Your ejaculation is retarded, ha ha ha
I read that as overwanking.

Guilty yer 'onour
 
#20
hammy123 said:
IVe decided to have it out with Mrs H and just tell her that my spanking is better than sh*gging her. I dont have any options
You had two sexual encounters in one night. The first, successful, experience was with a man, namely yourself. The second, unsuccessful experience was with a woman, your missus.

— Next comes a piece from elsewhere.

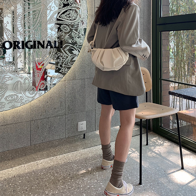 IELGY ALL-match Soft surface PU Shoulder Plain Portable Women's Bag Casual Fold

The symptoms you describe indicate that you are a 'raving fudge packer'. This is a technical term used by doctors to describe brown hatters and my diagnosis is confirmed by one of your wedding photos:-



Ask your other half if she'd mind not bleaching her top lip any more, speaking in a deep voice and changing her name to 'Mike'. This is sure to make her more attractive to you.